I think the people doing this auction may have had good intentions, but may have simply been overwhelmed by the number of cars they had.
There was a guy I knew that had about 8 classic cars. A 72 Pontiac convertible,
4 Chrylser-Maserati cars from the 80s, a 4 door Cadillac that he claimed was the biggest 4 door Cadillac ever made in standard production, and a few other Cadillacs from the 70's-80's.
The house he lived in was small. He begged his friends for 1 car space in their garages. He only drove a 1990 Cadillac himself. So his mechanic told him he would store the cars for free. He thought the mechanic would take in 6 of them and store them somewhere in his garage. Nope, he stored them on the lot behind the mechanic's shop. The guy wasn't charging him any storage fees.
Unfortunately, this guy passed on quite suddenly from a heart attack. So his sister handled the estate. When she went to look at the cars, the mechanic said her brother hadn't been by to see the cars in at least 8 years. After sitting outside in the Texas sun for 8 years and exposed to the elements, it wasn't a pretty site.
Most of the cars paint was peeled off, the roof on the Pontiac Convertible had just rotted away leaving the interior open to the elements. She tried listing the cars in Hemmings, tried local classifieds, even tried Craigslist but there were no takers. The few people who came to look at the cars turned around and said "no thank you". So the cars were hauled off to the junkyard for scrap.

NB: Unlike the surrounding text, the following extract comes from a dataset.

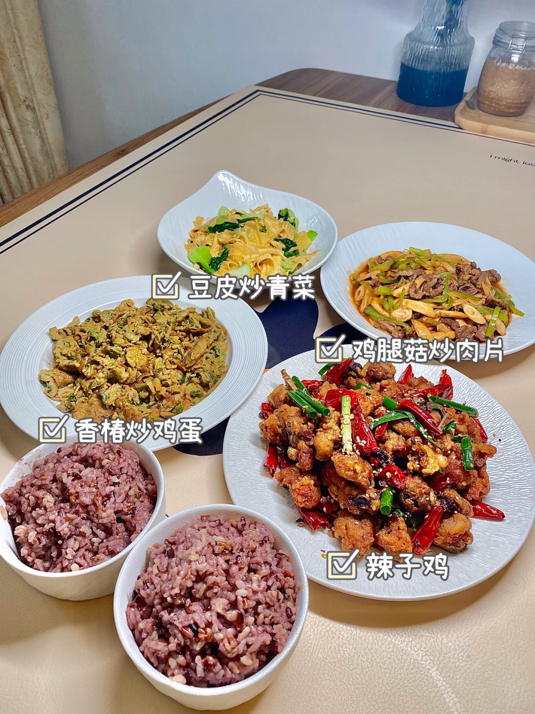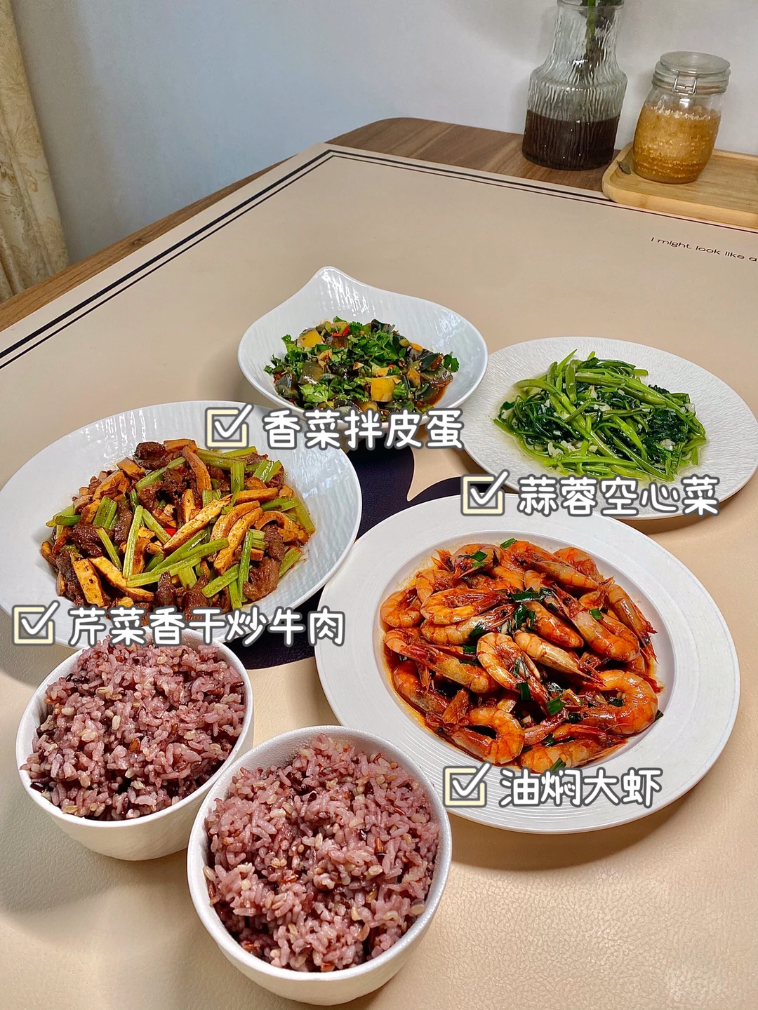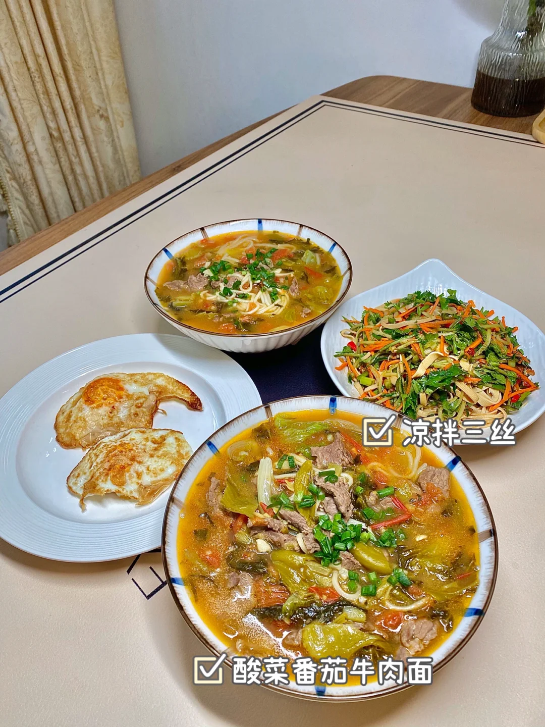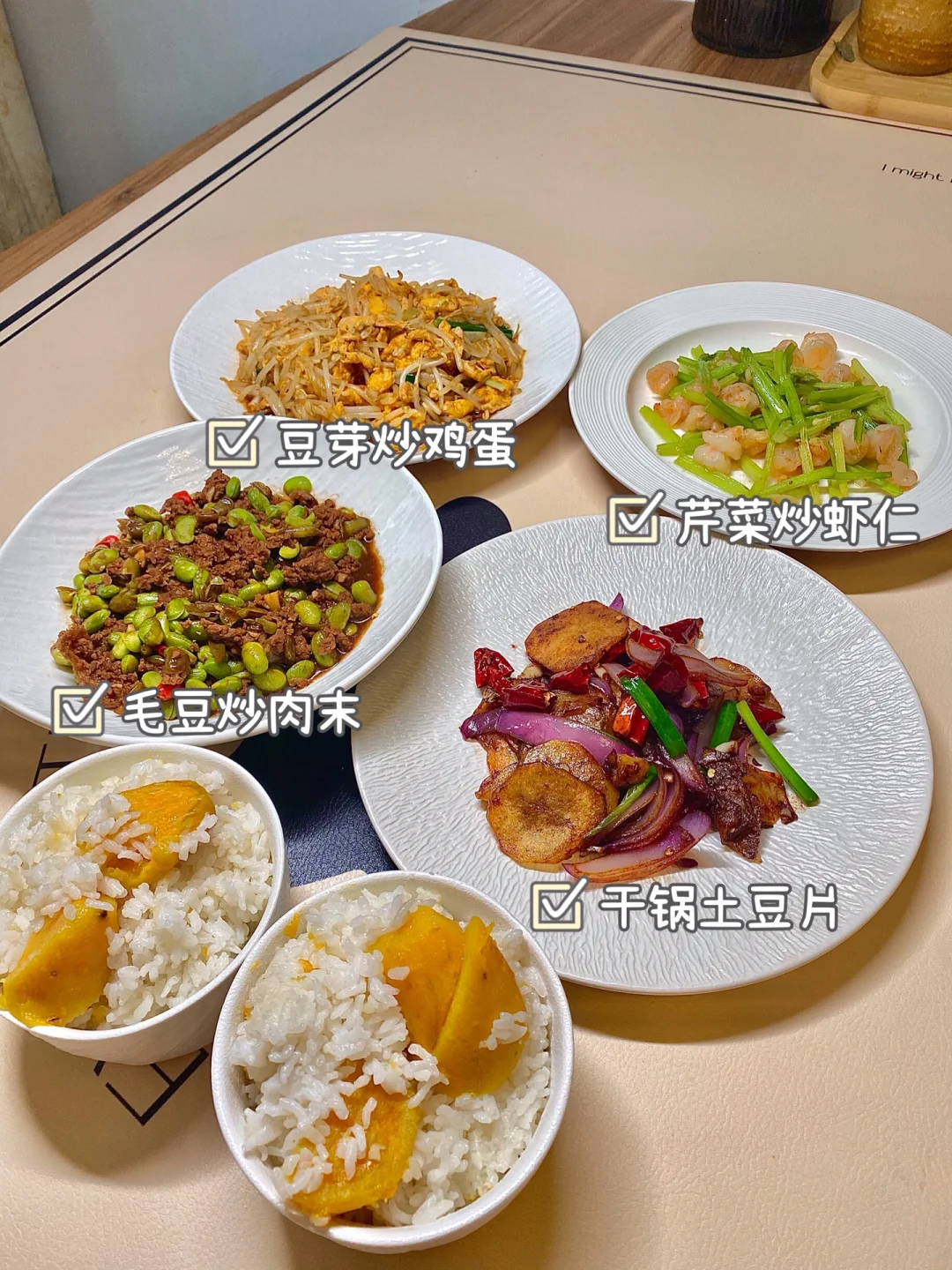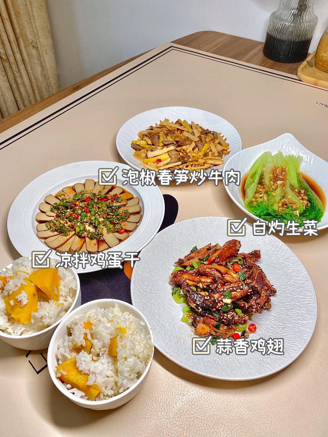 今天晚餐长这样 笔记灵感 一周七天不重样下饭家常菜合集 做法主页都有详细的教程介绍 一周菜单合集: 1⃣️酸菜番茄牛肉面、凉拌三丝 2⃣️小炒牛肉、可乐鸡翅年糕 蒜蓉太湖菜、炒三丝 3⃣️芹菜香干炒牛肉、香菜拌皮蛋 油焖大虾、蒜蓉空心菜 4⃣️毛豆炒肉末、芹菜炒虾仁 干锅土豆片、豆芽炒鸡蛋 5⃣️辣子鸡、鸡腿菇炒肉片 香椿炒鸡蛋、豆皮炒青菜 6⃣️宫保虾仁、凉拌茄子 清蒸鲈鱼、清炒莴笋丝 7⃣️蒜香鸡翅、凉拌鸡蛋干 泡椒春笋炒牛肉、白灼生菜 好好吃饭,拒绝外卖~

I helped a guy once with an authentic "barn find". It was a 1967 VW Sqareback that was located in the small Texas hill country town of Comfort, Tx. It was in a barn since the mid 70's. It didn't look too bad just filled with all kind of fluff & grasses and weeds. We towed it back to Houston into a storage building. When we rolled it off the trailer the guy in the drivers seat jumped out pretty quick. He said there "are noises in that car". What they had was a car that had a family of rattlers in it. They were all buried in the debris in the car. He opened the back hatch an a few of them came out. At that point I said no way was I going to work on that car with those snakes in it. I heard later on that he just parted the car out and it wasn't in the greatest shape and he felt it wasn't worth restoring.